A música na periferia tem sido usada como uma forma de denúncia da realidade social e econômica dessas regiões. As letras das músicas falam sobre a falta de emprego, a violência, a discriminação racial e a exclusão social. Muitos artistas da periferia têm usado a música como um meio de mobilização social, promovendo campanhas e projetos para melhorar a vida dos moradores dessas regiões.


Por outro lado, a música na periferia também é uma forma de celebração e alegria. As festas e bailes na periferia são animados pela música, que é uma forma de reunir as pessoas e promover a integração social.

Em resumo, a música na periferia é uma forma de expressão cultural e social muito importante. Ela representa a realidade e os sentimentos dos moradores dessas regiões, ao mesmo tempo em que promove a mobilização social e a celebração da vida. É uma forma de resistência e de luta contra as desigualdades sociais, mas também é uma forma de expressão artística e cultural que enriquece a diversidade do país.


No entanto, é importante destacar que a música na periferia também enfrenta muitos desafios, como a falta de apoio financeiro e institucional, a falta de acesso a recursos tecnológicos e a dificuldade de se profissionalizar e de obter reconhecimento artístico. Muitos artistas da periferia enfrentam barreiras para conseguir divulgar seu trabalho e para serem valorizados pelo mercado musical.


Para enfrentar esses desafios, é fundamental que haja políticas públicas que incentivem e promovam a cultura na periferia, por meio do apoio financeiro e técnico aos artistas, da criação de espaços culturais e da valorização da diversidade cultural brasileira. Além disso, é importante que haja uma conscientização por parte da sociedade sobre a importância da cultura da periferia e do papel fundamental que ela desempenha na construção de uma sociedade mais justa e democrática.

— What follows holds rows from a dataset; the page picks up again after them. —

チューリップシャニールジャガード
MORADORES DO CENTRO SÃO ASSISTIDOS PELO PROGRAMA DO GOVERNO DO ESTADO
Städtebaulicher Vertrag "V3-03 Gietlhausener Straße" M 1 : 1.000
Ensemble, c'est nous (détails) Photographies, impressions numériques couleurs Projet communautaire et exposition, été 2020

Em suma, a música na periferia é uma forma de expressão cultural e social que representa a realidade e os sentimentos dos moradores dessas regiões, promovendo a mobilização social e a celebração da vida. Apesar dos desafios enfrentados pelos artistas da periferia, é fundamental que haja políticas públicas e conscientização social sobre a importância da cultura da periferia para a construção de uma sociedade mais justa e inclusiva.


Além disso, é importante destacar que a música na periferia também tem um papel importante na formação da identidade cultural dos moradores dessas regiões. A música é uma forma de transmitir valores, tradições e histórias, e ajuda a fortalecer a identidade cultural da periferia.

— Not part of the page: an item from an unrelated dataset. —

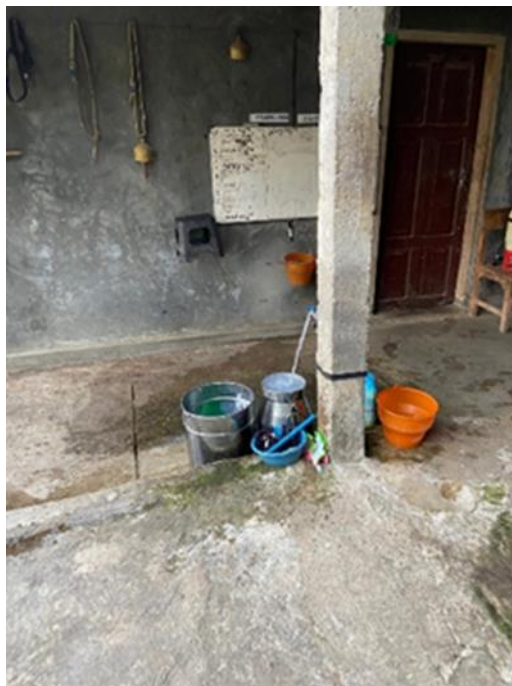
Gambar 4. Milkcan Penampung Susu Sapi Segar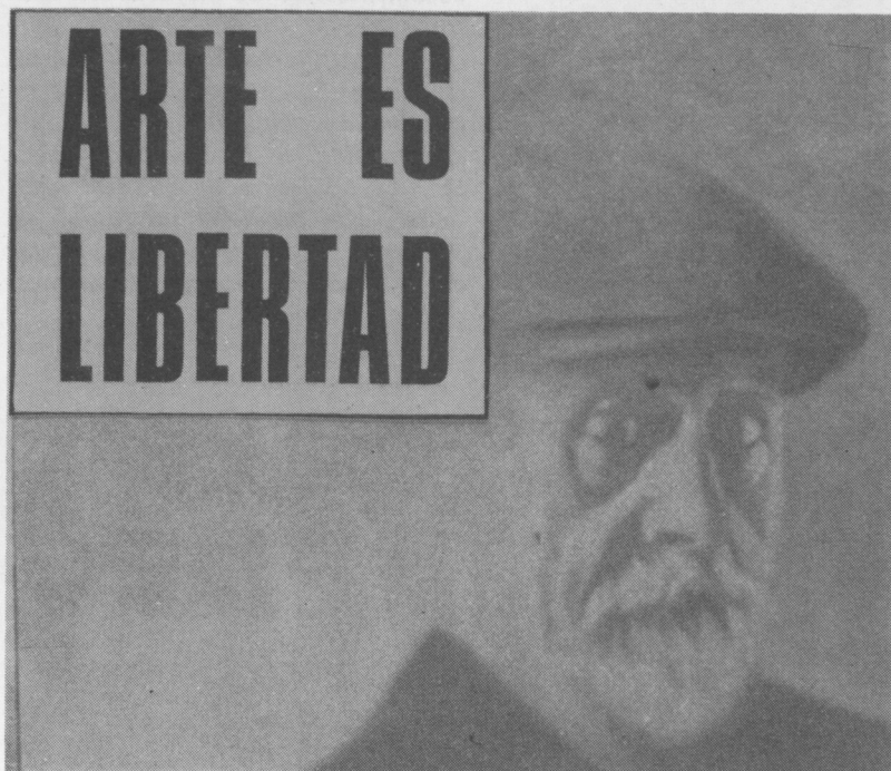
Un retrato de Pablo Iglesias, fundador de nuestro partido, preside, junto a un Cuixart, la exposición organizada por el PSOE, en el Congreso, en la que participan firmas populares.

A música também é uma forma de escapar das dificuldades da vida na periferia e de encontrar esperança e inspiração. Muitas vezes, a música é vista como uma forma de superar a adversidade e de alcançar o sucesso, seja por meio do reconhecimento artístico ou por meio do empreendedorismo cultural.


No entanto, é importante destacar que a música na periferia não é apenas um produto cultural, mas também um meio de transformação social. Através da música, muitos artistas da periferia têm promovido campanhas e projetos para melhorar a vida dos moradores dessas regiões, seja por meio da promoção da educação, da saúde, da cultura ou do empreendedorismo.


Por fim, é importante destacar que a música na periferia é um patrimônio cultural que deve ser valorizado e preservado. Ela representa a diversidade e a riqueza cultural do país, e é uma forma de resistência e de luta contra as desigualdades sociais. É fundamental que haja políticas públicas que promovam e valorizem a cultura da periferia, e que haja uma conscientização por parte da sociedade sobre a importância desse patrimônio cultural para a construção de uma sociedade mais justa e democrática.